Careers opportunities in sports


To get into most sports as a career, you realistically need to be already competing and winning at a high level while you’re still at school. There aren’t any qualifications required to be a athlete. However, it’s a good idea to fit some in alongside training as almost all athletes need a second career when they retire from sport. You might choose qualifications that will help you into one of the other careers on this list, such as coaching, or study something else that interests you.
Some universities are geared up towards helping students of all subjects to train and compete in sport to a high level so you could, say, study history or engineering while making the most of these opportunities.
Sports coach/sports instructor: As a sports coach or instructor you’ll train people up in a particular sport, and/or lead group fitness sessions. You might work with children or adults of any level, and might be employed by a sports club, charity, community group, gym, sports governing body or school. A lot of positions are part-time, so you might need to coach for more than one employer or have a different job too.
To become a sports coach or instructor you’ll need a good level of ability in that sport and often a coaching qualification from relevant sports governing body. These tend to involve a few days of face-to-face learning and sometimes some work to complete at home as well. For some jobs you’ll also need to have competed in that sport to a specified level yourself (eg at county level or regional level). For jobs working with children, previous experience working with children is often sought.
Sports Development Officer: Sports development officers help run initiatives aimed at encouraging people to get involved in sport. Sometimes these are aimed at everyone in a local community; other times they are aimed at a particular group, such as older people. Tasks can involve finding and applying for sources of funding, keeping track of budgets, managing sports coaches and volunteers, and planning, organising and promoting the initiatives, for example through social media. Sometimes the jobs are combined with a sports coaching role, meaning that you’ll lead some of the activities yourself.

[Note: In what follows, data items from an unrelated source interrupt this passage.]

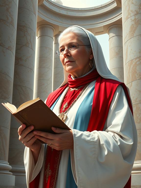 Pralat of Karlstadt, Ambrine Solthar is a semi-famous figure in the Aethel National Church of Lathander. She is a well-known theologian, and several of her treatises have been formalized into church canon law by the Sovereign. She spent more than a decade at the Monastery of the Dawn Unveiled at Klosterdorf, pouring through old tomes and ancient manuscripts of the earliest members of the church, and even foreign teachings and rituals of Lathander, in order to increase both ecclesiastical and common knowledge of Lathander.
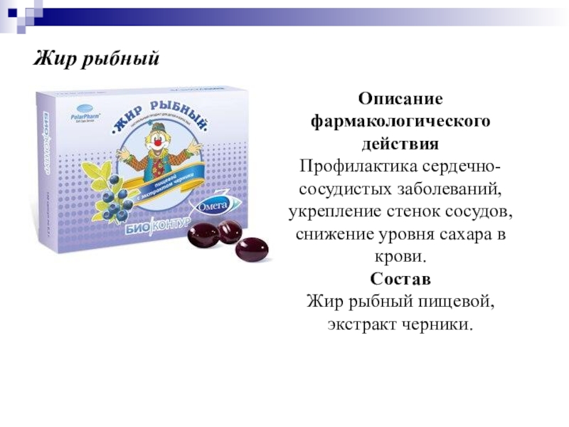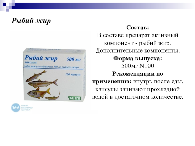 В составе препарат активный компонент - рыбий жир. Дополнительные компоненты.
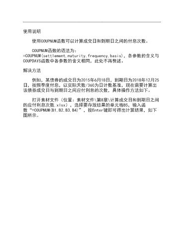使用COUPNUM函数可以计算成交日和到期日之间的付息次数。
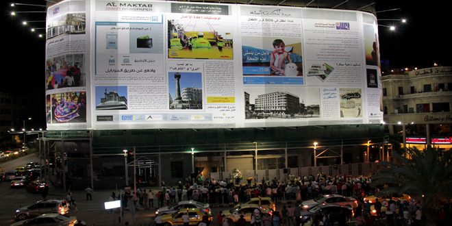 افتتاح وإنارة أضواء الجريدة الإعلانية العملاقة على واجهات فندق سميراميس بدمشق
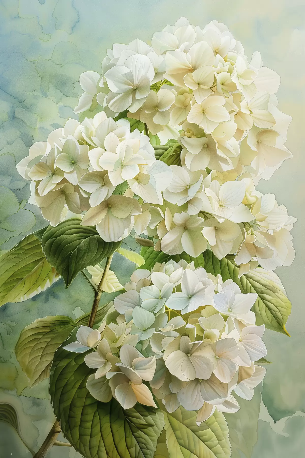 Poster Flor de hortensia, floral, colores naturales suaves, dibujo de acuarela f39782
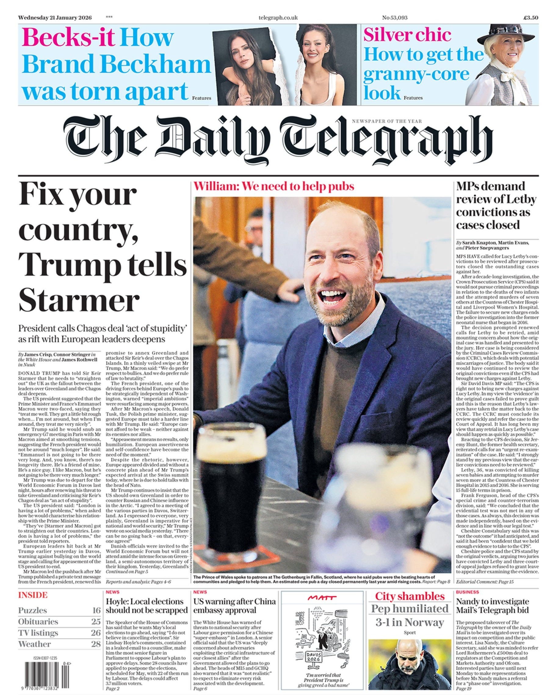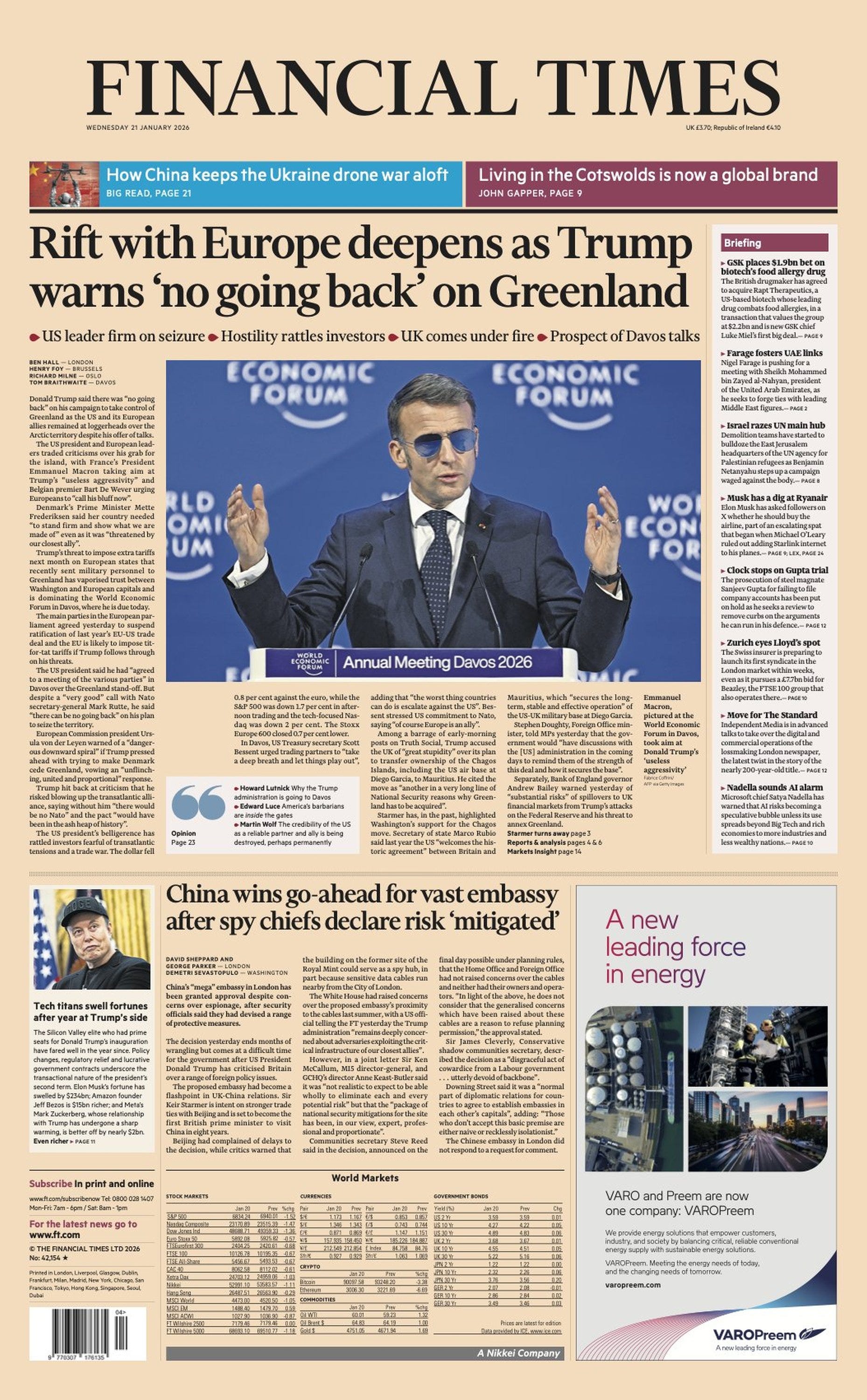 With European leaders scrambling at Davos to persuade Donald Trump to drop his ambition to own Greenland, Ukraine is increasingly being pushed into the background. That’s prompted Ukrainian leader Volodymyr Zelenskyy to consider whether it’s even worth his while to attend the World Economic Forum, according to a senior Ukrainian official and a foreign adviser familiar with the thinking in Kyiv. Europe’s leaders had planned to focus on Ukraine this week and to use a scheduled meeting with Trump to secure the U.S. president’s personal endorsement of security guarantees for a post-war Ukraine — measures Kyiv says are necessary to deter the Kremlin from restarting the conflict. But as diplomatic priorities shift, Kyiv is increasingly at risk of being forgotten, to rising frustration in Ukraine and Europe, while Trump steps up threats to seize mineral-rich Greenland — including the possibility of punitive tariffs on eight European countries that oppose his bid to annex the world’s largest island. “There’s a real war with the Russians going on in Ukraine,” said Norwegian Foreign Minister Espen Barth Eide. “Greenland is taking energy away from what we should be talking about.” - Politico
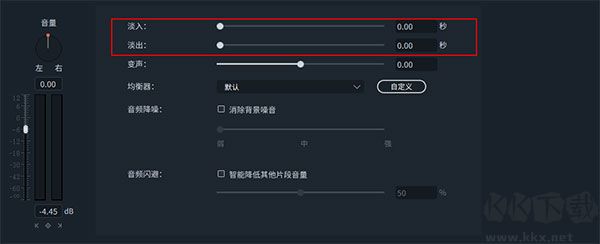 通過拖動滑塊或輸入持續(xù)時間設定淡入淡出效果。
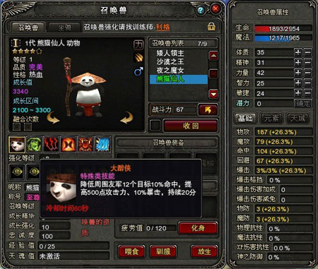 召唤兽定位:刷怪、PK好帮手。
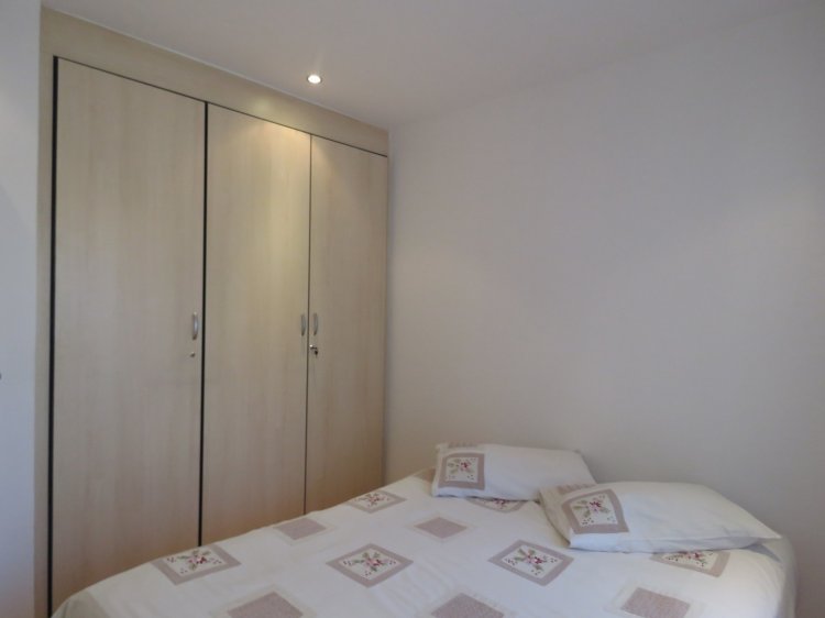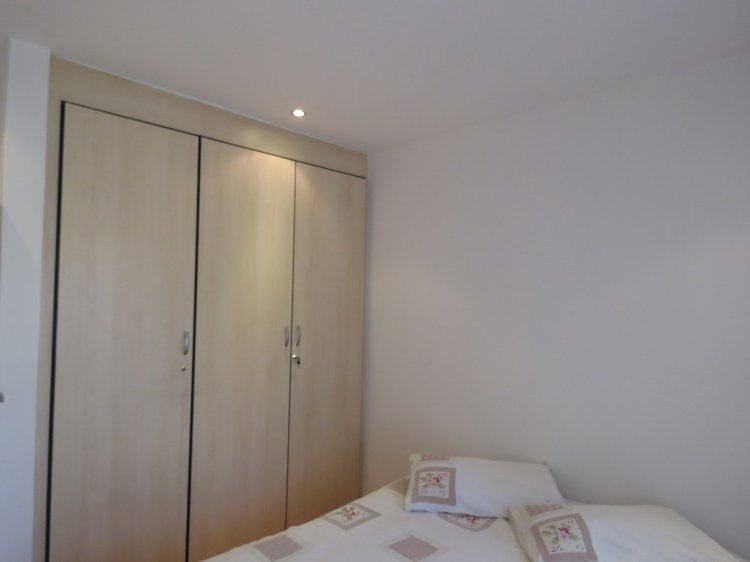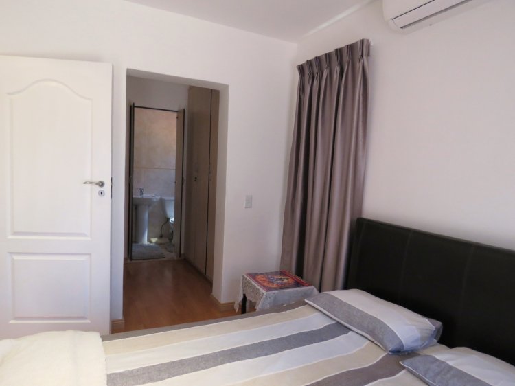 The apartment is fully tiled throughout and features a spacious main bedroom with air conditioning and an en-suite bathroom with toilet and shower. There is an additional bathroom with a shower, as well as a separate guest toilet. All bedrooms are fitted with built-in cupboards.

You might be employed by a local authority, a sports governing body, a charity or a community association, for example. It’s likely that there will be some evening and weekend work involved, as this is when sports events and activities are most likely to be held. Entry requirements vary. For all jobs you’re likely to require relevant experience (for example through work experience placements and/or volunteering). In terms of qualifications, some employers value a sports-related degree; others prefer a sports coaching qualification.
Physical Education Teacher: PE Teachers plan and deliver lessons, assess students and arrange matches with other schools/colleges.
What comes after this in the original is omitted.